Barbara Schüpbach-Haller: Auffallend oft sagen Patientinnen, dass eine Krebsdiagnose sie dazu bringt, ihre Prioritäten zu überdenken. Viele Frauen fragen sich, was ihnen im Leben wirklich wichtig ist. Vielen wird bewusst, dass sie nach ihren Kindern, ihrer Partnerin oder ihrem Partner und auch nach ihren Eltern schauen, aber nicht zu sich selbst. Meine Aufgabe besteht darin, die Frauen dabei zu unterstützen, konkrete Dinge zu finden, die sie für sich tun können. 

Was verbinden Sie mit den Begriffen Expertise und Empathie?
Barbara Schüpbach-Haller: Unter Expertise verstehe ich, dass ich die Frauen darin befähige, die Kontrolle über ihre Erkrankung zu erlangen. Mit Empathie verbinde ich Lebenserfahrung und Menschlichkeit. Wir sehen die Patientinnen nicht nur als Patientin, sondern zunächst einmal als Mensch. Ein Lächeln zum richtigen Zeitpunkt kann sehr viel bewegen. 

Bleiben die Gedanken an die Patientinnen hier im Spital oder folgen sie Ihnen auch nach Hause?
Barbara Schüpbach-Haller: Ich fühle sehr mit den Patientinnen mit, kann aber auch gut abschalten. Dabei hilft mir der Arbeitsweg mit dem Fahrrad. So komme ich rasch auf andere Gedanken. 

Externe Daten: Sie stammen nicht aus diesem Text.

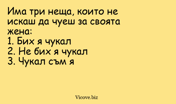 Жената е такова създание, което не пърди, не се оригва, не плюе. Затова е принудена да освобождава натрупаното в нея напрежение с тормоз над мъжете...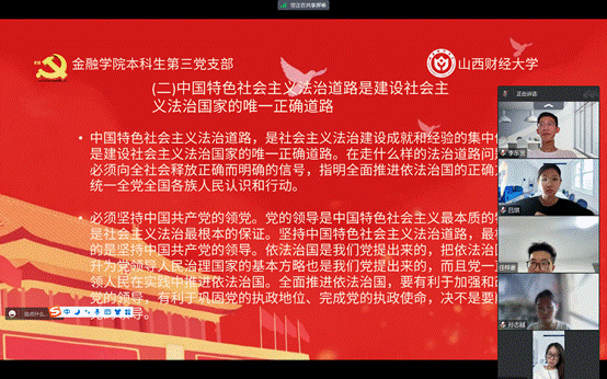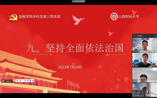 本科生第三党支部在7月29日进行了第九章和第十章的学习,本讲的主要内容是“坚持全面依法治国”和“铸就社会主义文化新辉煌”,由本科生第三党支部预备党员季雅婧带领大家学习,本科生第三党支部邱马玥主持并总结发言。

Was geben Sie Ihren Patientinnen mit auf den Weg, wenn sie die Lindenhofgruppe verlassen?
Barbara Schüpbach-Haller: Auch das ist sehr individuell. Mir ist wichtig, dass die Patientin weiss, was die nächsten Schritte sind. Dass sie Strategien hat, um mit der Situation umzugehen – und dass sie weiss, dass sie sich jederzeit wieder bei mir melden kann.